Illustration of the Sentinel-6/Michael Freilich satellite in orbit.
Illustration of the Sentinel-6/Michael Freilich satellite in orbit. Image credit: ESA

NASA is preparing for the launch of the Sentinel-6 Michael Freilich satellite, an international partnership that is the first launch of a constellation of two identical satellites launched sequentially. Together, they will continue observations of sea level change for at least the next decade. The mission is targeted for launch Nov. 10 at 2:31 p.m. EDT (11:31 a.m. PDT) from Vandenberg Air Force Base (VAFB) in California.

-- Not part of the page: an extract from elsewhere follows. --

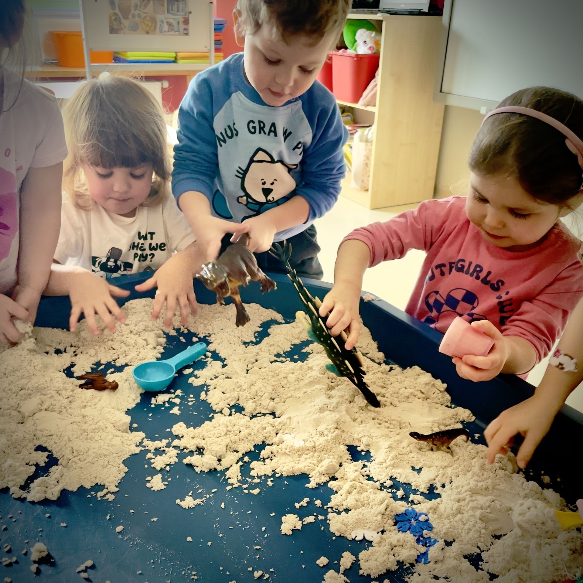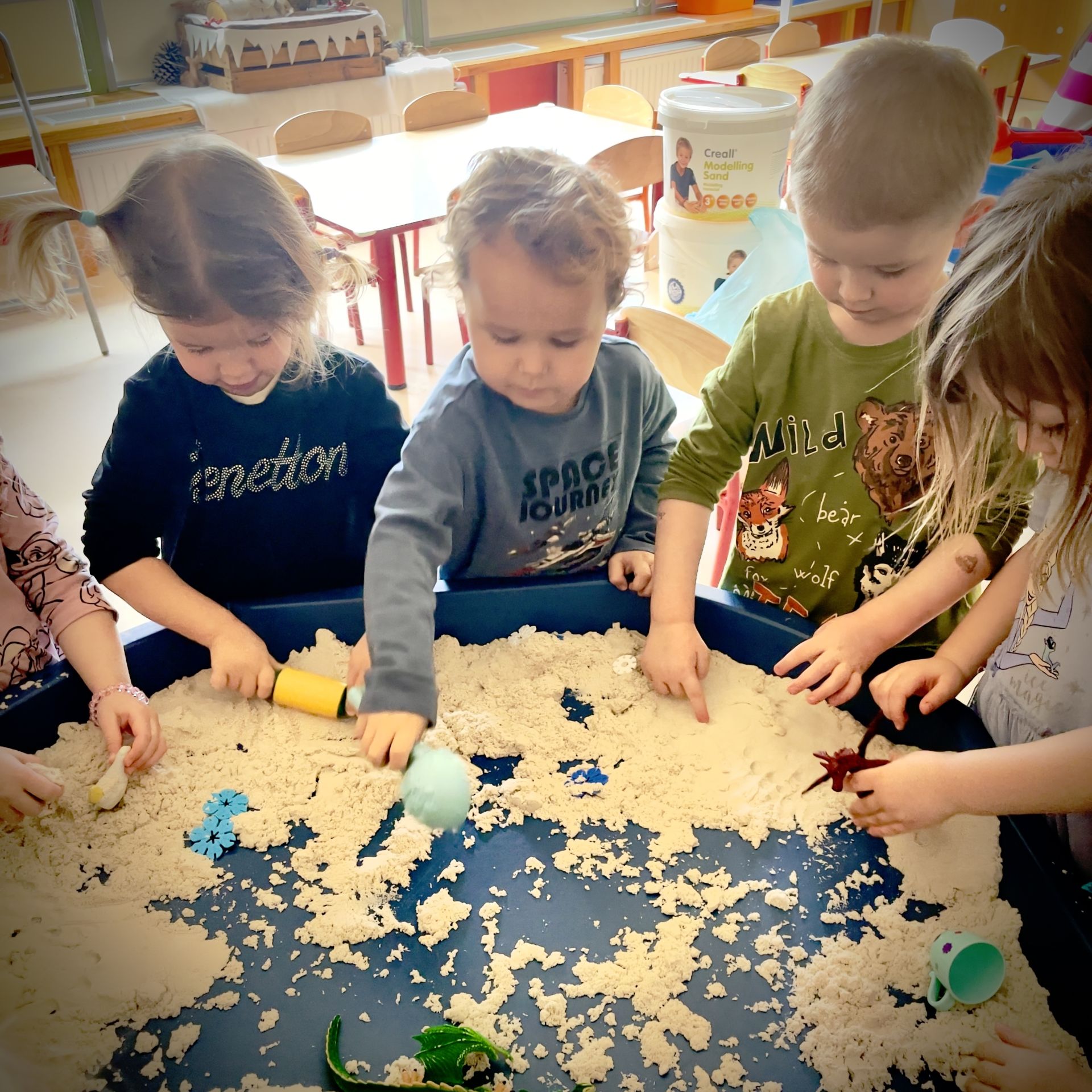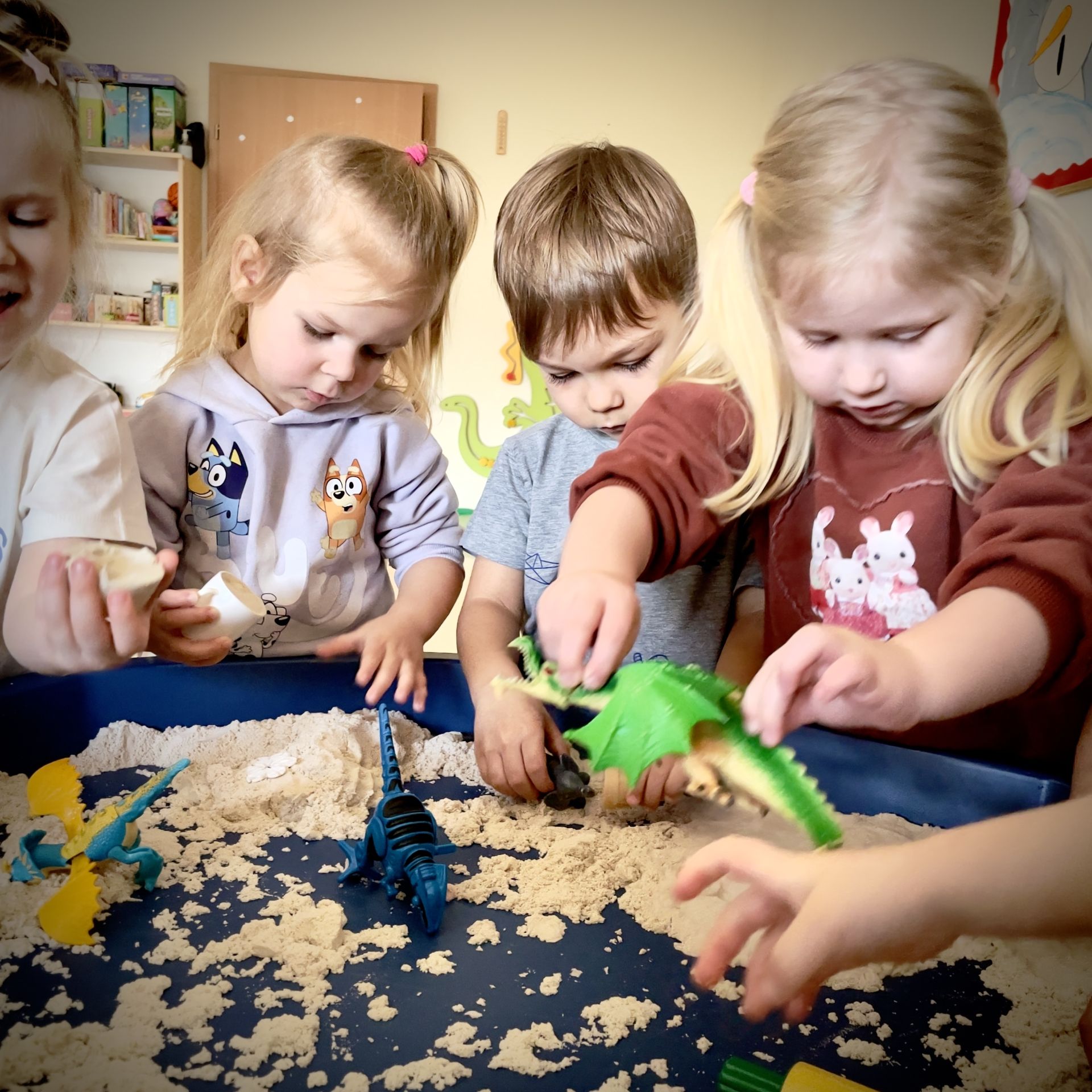 Dnia 25 lutego 2026 r. z wielką radością przystąpiliśmy do mini wykopalisk w naszym przedszkolu. Naszym zadaniem było odszukanie ukrytych w piasku kinetycznym dinozaurów oraz tropienie ich śladów na piasku.

Sentinel-6 will launch on a SpaceX Falcon 9 rocket from Space Launch Complex 4, and the launch is managed by NASA’s Launch Services Program, based at the agency’s Kennedy Space Center in Florida.

Named in honor of the former director of NASA’s Earth Science Division, Dr. Michael Freilich, who was instrumental in advancing ocean altimetry, Sentinel-6 Michael Freilich follows the most recent U.S.-European sea level observation satellite, Jason-3, which launched in 2016 and currently is providing high-precision and timely observations of the topography of the global ocean.

Sentinel-6 is part of Copernicus, the European Union’s Earth observation program managed by the European Commission. The Copernicus Sentinel-6 missions are being jointly developed by ESA (European Space Agency), the European Organisation for the Exploitation of Meteorological Satellites (EUMETSAT), NASA, and the National Oceanic and Atmospheric Administration (NOAA), with funding support from the European Commission (EC) and support from France’s National Centre for Space Studies (CNES).

NASA’s contributions to the Sentinel-6/Jason-CS missions are three science instruments for each of the two Sentinel-6 satellites: the Advanced Microwave Radiometer, the GNSS-RO, and the Laser Retroreflector Array. NASA is also contributing launch services, ground systems supporting operation of the NASA science instruments, the science data processors for two of these instruments, and support for the international Ocean Surface Topography Science Team.